Now that you’ve covered how to search and install packages, let’s see how to update and remove them using Conda.
Updating and Removing Packages
Sometimes, when new packages are released, you need to update them. To do so, you may run conda update <package name>
. In case you wish to update all the packages within one environment, you should activate the environment and run conda update --all
.
To remove a package, you can run conda remove <package name>
. For example, this is how you remove numpy
from the root base environment:
(base) C:\Users\IEUser>conda remove numpy
Solving environment: done
## Package Plan ##
environment location: C:\Users\IEUser\Miniconda3
removed specs:
- numpy
The following packages will be REMOVED:
matplotlib: 2.2.3-py37hd159220_0
mkl_fft: 1.0.4-py37h1e22a9b_1
mkl_random: 1.0.1-py37h77b88f5_1
numpy: 1.15.1-py37ha559c80_0
scipy: 1.1.0-py37h4f6bf74_1
Proceed ([y]/n)?
It’s worth noting that when you remove a package, all packages that depend on it are also removed.
Using Channels
Sometimes, you won’t find the packages you want to install on the default channels configured by the installer. For example, this is how you install pytorch
, another machine learning package:
(base) C:\Users\IEUser>conda search pytorch
Loading channels: done
PackagesNotFoundError: The following packages are not available from current channels:
- pytorch
Current channels:
- https://repo.anaconda.com/pkgs/main/win-64
- https://repo.anaconda.com/pkgs/main/noarch
- https://repo.anaconda.com/pkgs/free/win-64
- https://repo.anaconda.com/pkgs/free/noarch
- https://repo.anaconda.com/pkgs/r/win-64
- https://repo.anaconda.com/pkgs/r/noarch
- https://repo.anaconda.com/pkgs/pro/win-64
- https://repo.anaconda.com/pkgs/pro/noarch
- https://repo.anaconda.com/pkgs/msys2/win-64
- https://repo.anaconda.com/pkgs/msys2/noarch
To search for alternate channels that may provide the conda package you're
looking for, navigate to
https://anaconda.org
and use the search bar at the top of the page.

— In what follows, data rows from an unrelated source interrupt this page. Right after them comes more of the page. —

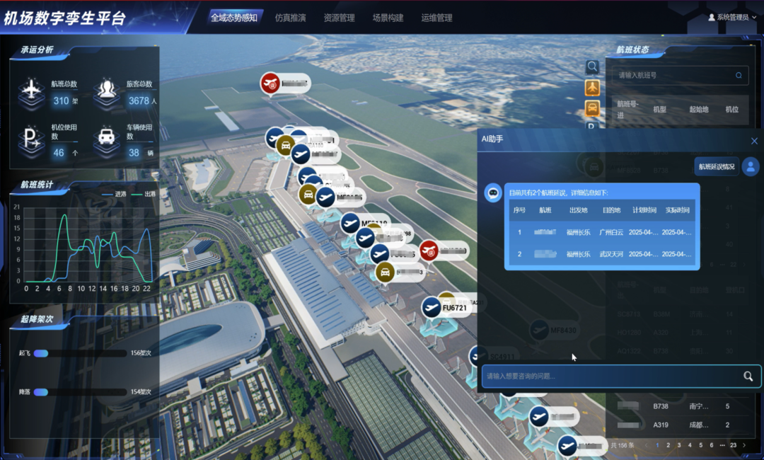 同时,系统结合AI大语言模型和空间智能软件技术,打造了智能交互式智能助手,集成民航知识交互、航班延误分析、保障任务超时分析等能力,助力机场运行从“经验驱动”向“数智驱动”转型。
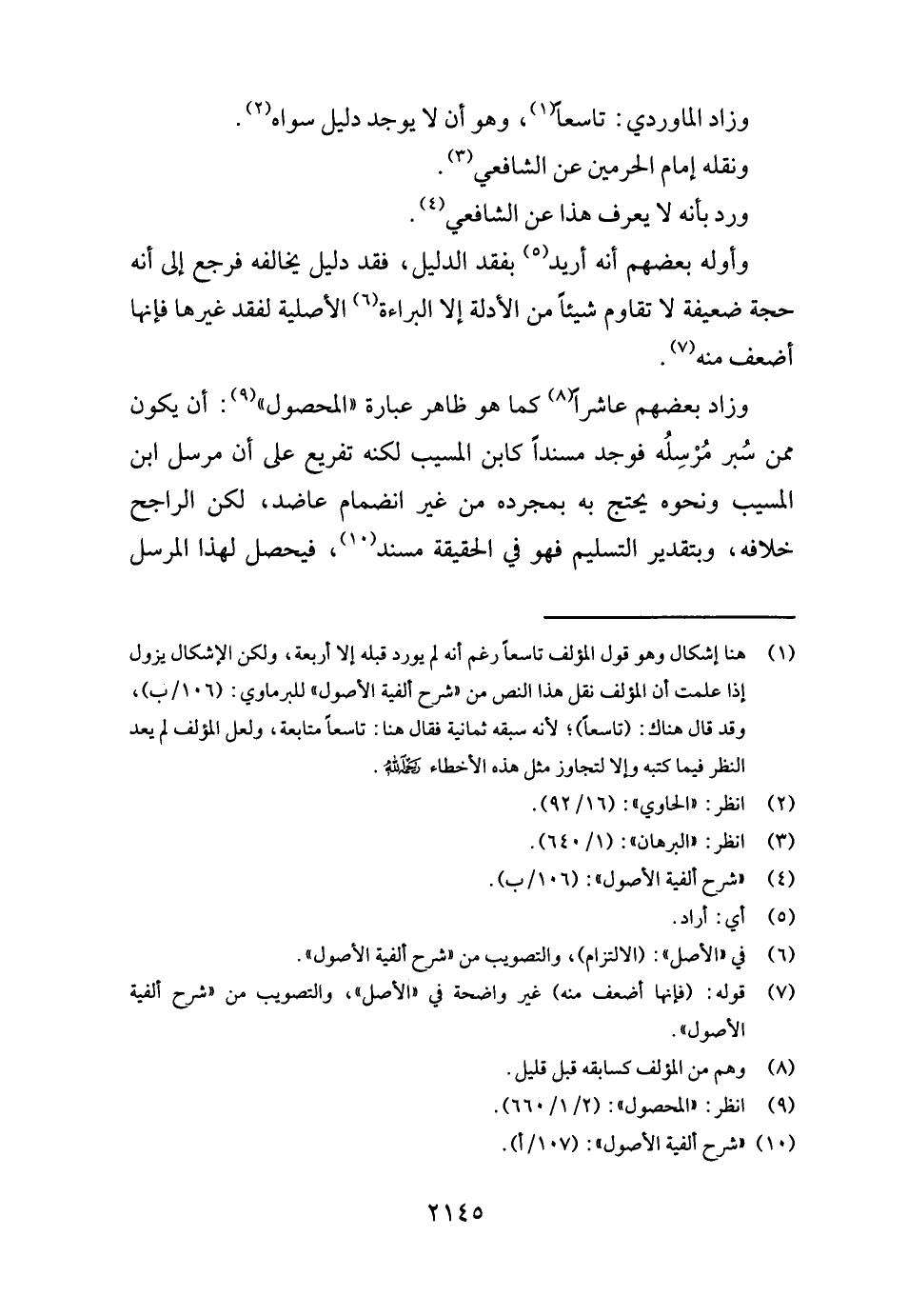 وَزَاد الْمَاوَرْدِيّ: تاسعا، وَهُوَ أَن لَا يُوجد دَلِيل سواهُ؟
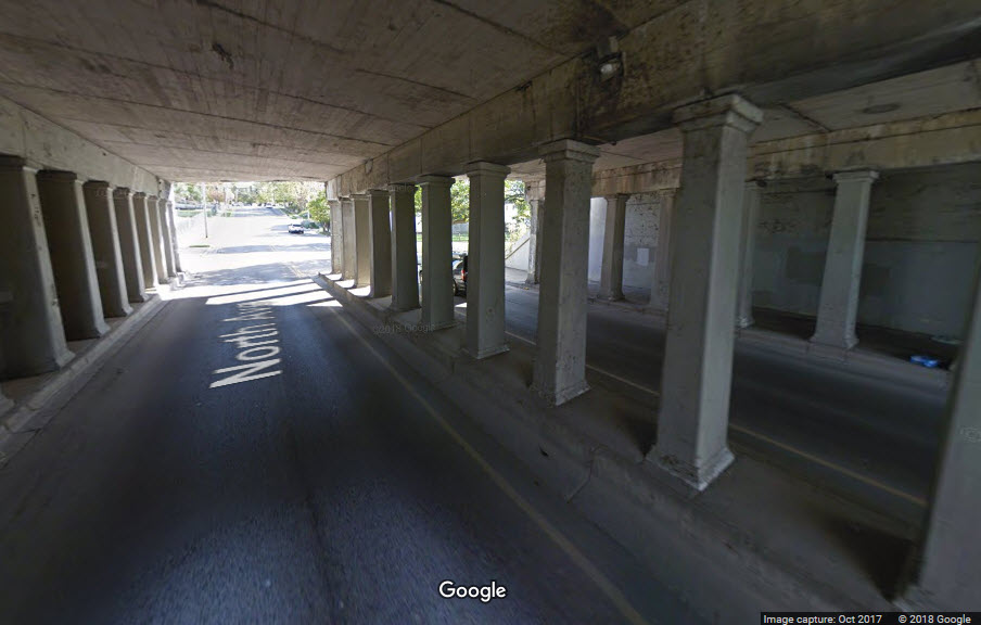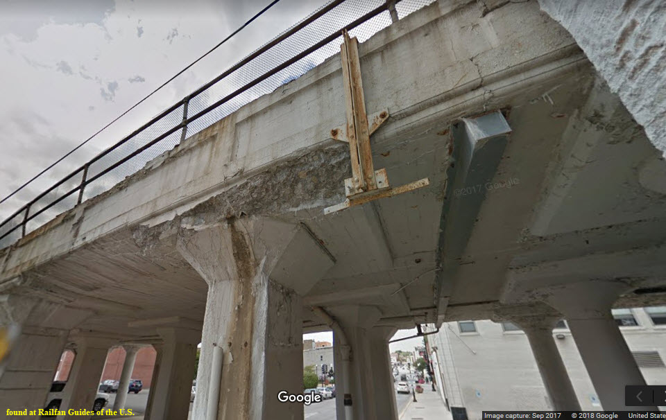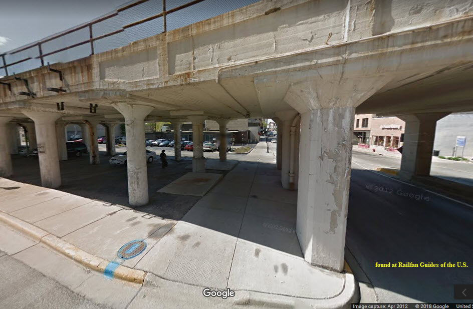 This elevated structure extends from Benton St on the south to New York St on the north end, a distance of 4 blocks or about 1900 feet if you include the giant overpass
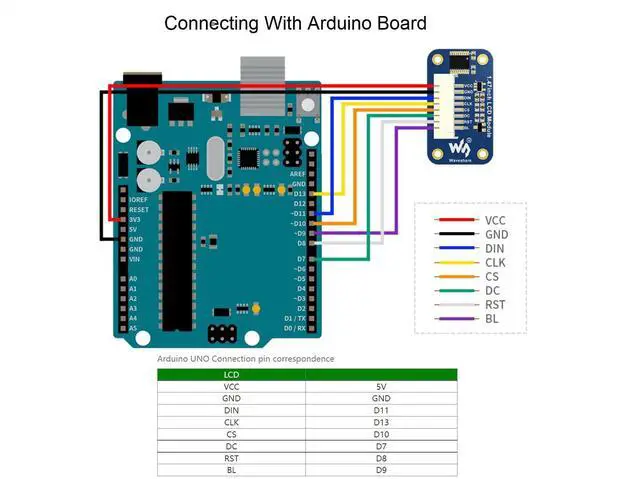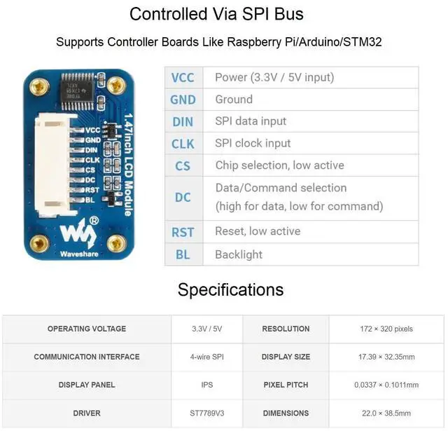 Comes with development resources (examples for Raspberry Pi/Arduino/STM32), please check it on the online user manual. ^^ SPI interface, minimizes required IO pins, supports controller boards like Raspberry Pi/Arduino/STM32 ^^ 172320 resolution, 262K RGB colors, clear and colorful displaying effect ^^
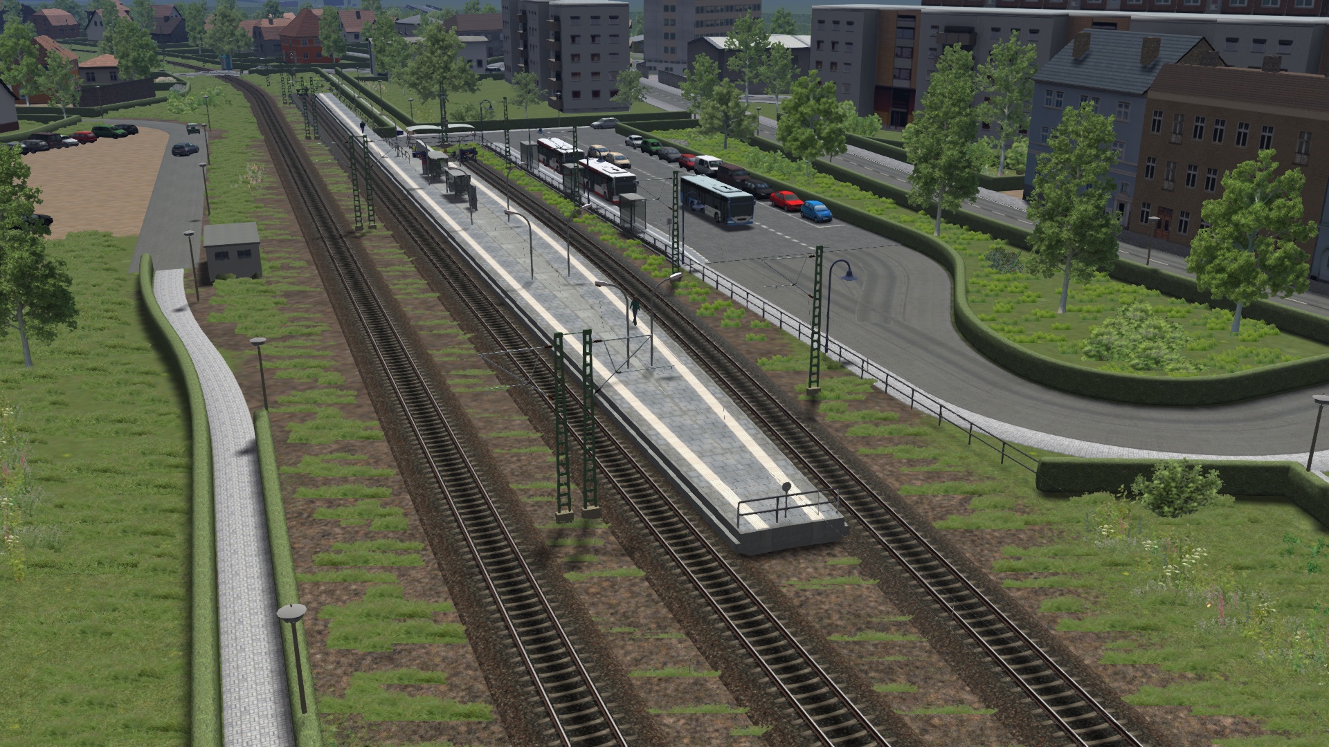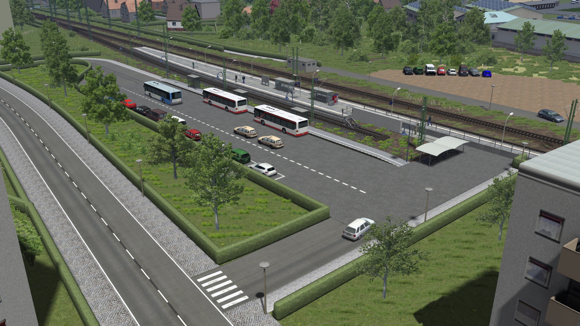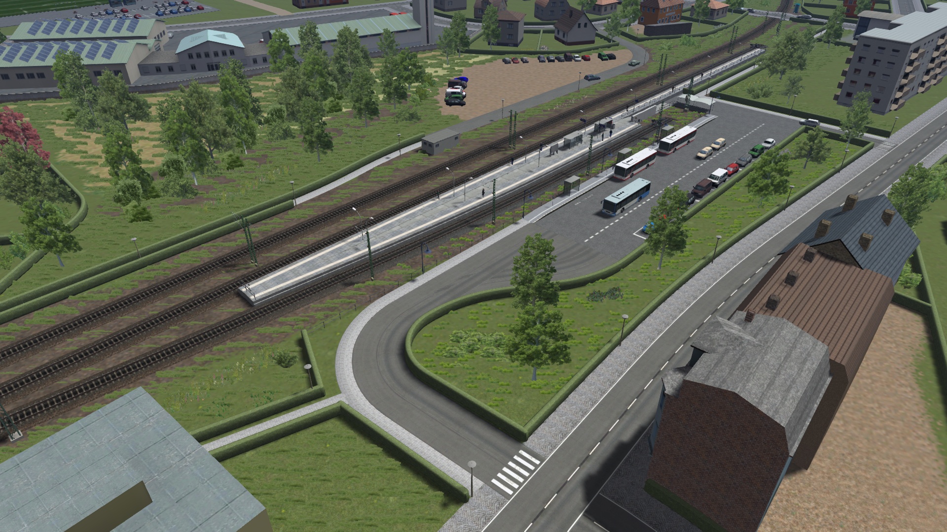 Gestern und heute habe ich den Bahnhof Schwedt (Oder) umgekrempelt und nun ist er so aufgebaut, dass das Durchgangsgleis zum Gewerbepark nicht mehr gleichzeitig Haltegleis für endende Personenzüge ist. Das erhöht die betriebliche Flexibilität und Erreichbarkeit des Gewerbeparks deutlich. Außerdem habe ich das selbstverschuldete Problem des Bahnsteigwechsels beim alten Bahnhof beheben können. Die zuvor existierenden zwei Außenbahnsteige hatte ich nämlich nicht direkt verbunden, und die simulierten Fahrgäste hatten einen umständlichen Fußweg über die nächstgelegenen BÜs nehmen müssen. Damit ist jetzt Schluss: beide Kopfgleise befinden sich an einem Bahnsteig, der direkt vom neu verbesserten Bahnhofsvorplatz erreicht werden kann. Am gekrümmten, kürzeren Bahnsteig enden die RBs aus Richtung Bad Freienwalde, am längeren, geraden Bahnsteig die S-Bahnen aus Tannenberg.
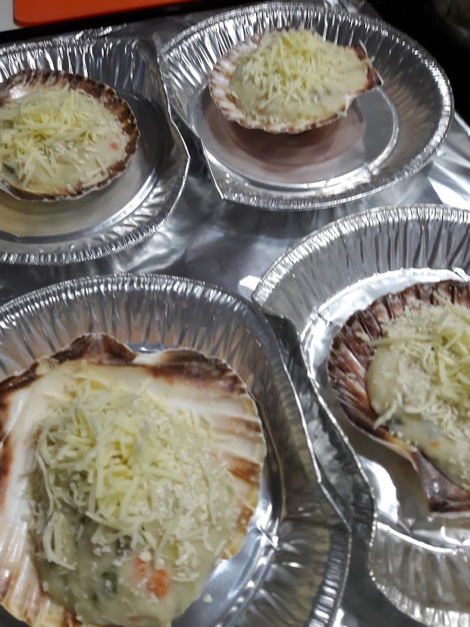 Rellenamos las vieiras, como se ve en la foto, les ponemos un montoncito de queso por encima, ya están preparadas para gratinar.
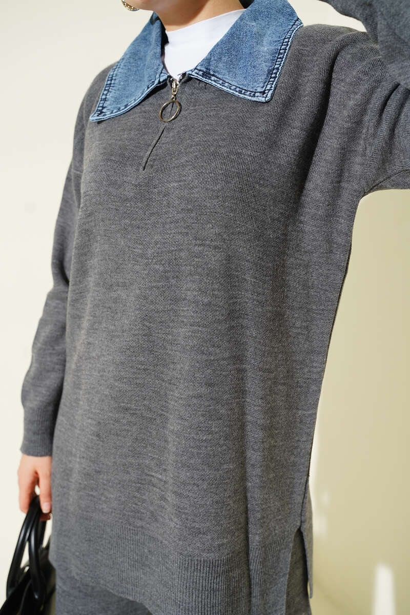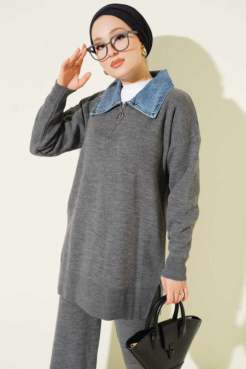 Pelerin Detaylı Uzun Tunik İkili Takım Latte
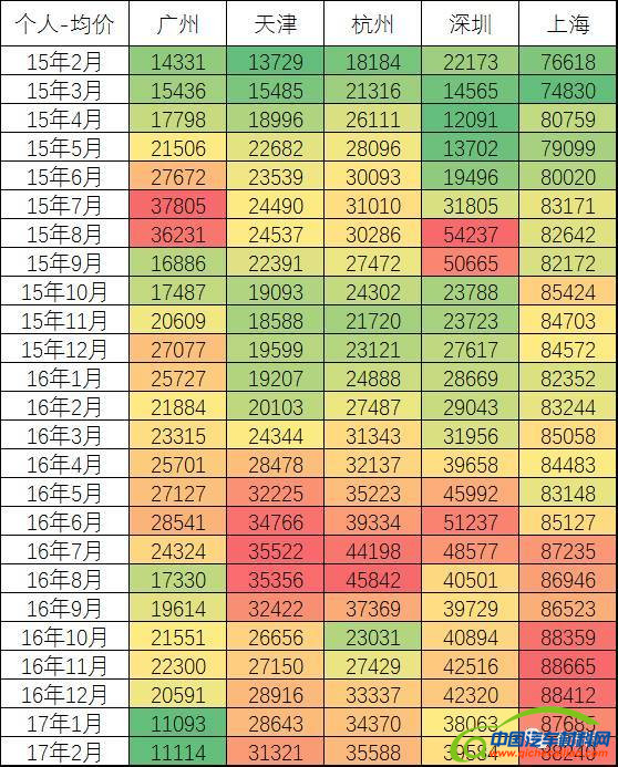 前期随着深圳房价暴涨,因此前几个月的个人拍牌价格偏高,但随着经济下行压力和单位用户购买力不足,个人拍牌价格也出现下调趋势。16年12月的广州价格下降到1.9万,相对去年7-8月的高价下跌较多。深圳也是暴跌一些,天津和杭州16年初较高点大幅下降,目前进入暴增期。随着今年的房价暴涨,需求心态不稳,7-8月汽车拍牌价格增长速度很快。目前天津和杭州的牌照拍牌价格创出新高,深圳处于次新高状态,有利于新能源车的销售。尤其是深圳16年的牌照价格暴增到5.1万,今年2月降到3.9万,拍牌的价格波动较大。近几个月的各城市拍牌价分化,上海的8.8万仍是还有些其他费用的,因此上海新能源车市场更火爆。
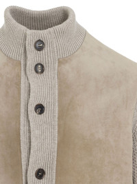 panelled cardigan Highlights - Beige - Panelled design - Button fastening - Ribbed hem - High neck Made in Italy Composition Cashmere 100%, Leather 100% Washing instructions Read Manufacturer Guidelines
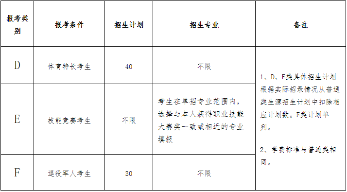 (二)其他类生源招生计划(该计划适用于D、E、F类考生)
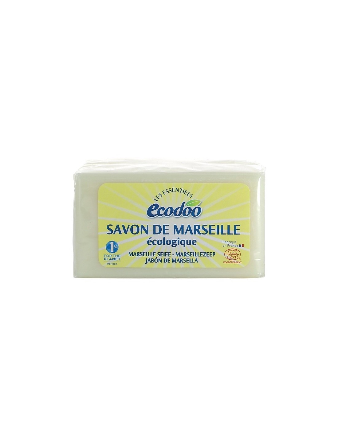 Pastilla de jabón de Marsella con ingredientes superiores al 30%, sin ningún aditivo de aceite de palma, de cocción en caldera. Con certificado EcoCert. Acción polivalente: muy buen quitamanchas, especialmente adecuado para los lavados delicados o la ropa de bebé, para dar brillo a las joyas, limpia el cuero, hidrata y da brillo a los azulejos, perfuma la ropa y repele las polillas.
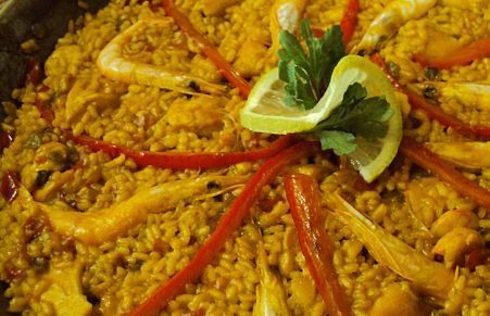 Arroz con pollo y gambas
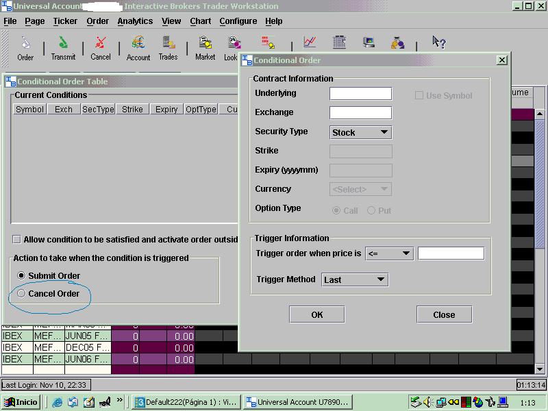 Recuerdo hace tiempo le pregunté sobre un error que me dio la TWS para cerrar la posición cuando llegara a una hora determinada (19:59:59) y me dijo que no era posible en futuros, que sólo funcionaba en acciones americanas.

In this case, you may search for the package here. If you search for pytorch
, you’ll get the following results:
The channel pytorch
has a package named pytorch
with version 0.4.1
. To install a package from a specific channel you can use the -c <channel>
parameter with conda install
:
(base) C:\Users\IEUser>conda install -c pytorch pytorch
Solving environment: done
## Package Plan ##
environment location: C:\Users\IEUser\Miniconda3
added / updated specs:
- pytorch
The following packages will be downloaded:
package | build
---------------------------|-----------------
pytorch-0.4.1 |py37_cuda90_cudnn7he774522_1 590.4 MB pytorch
The following NEW packages will be INSTALLED:
pytorch: 0.4.1-py37_cuda90_cudnn7he774522_1 pytorch
Proceed ([y]/n)?
Alternatively, you can add the channel, so that Conda uses it to search for packages to install. To list the current channels used, you can run conda config --get channels
:
(base) C:\Users\IEUser>conda config --get channels
--add channels 'defaults' # lowest priority
(base) C:\Users\IEUser>
The Miniconda installer includes only the defaults
channels. When more channels are included, it is necessary to set the priority of them to determine from which channel a package will be installed in case it is available from more than one channel.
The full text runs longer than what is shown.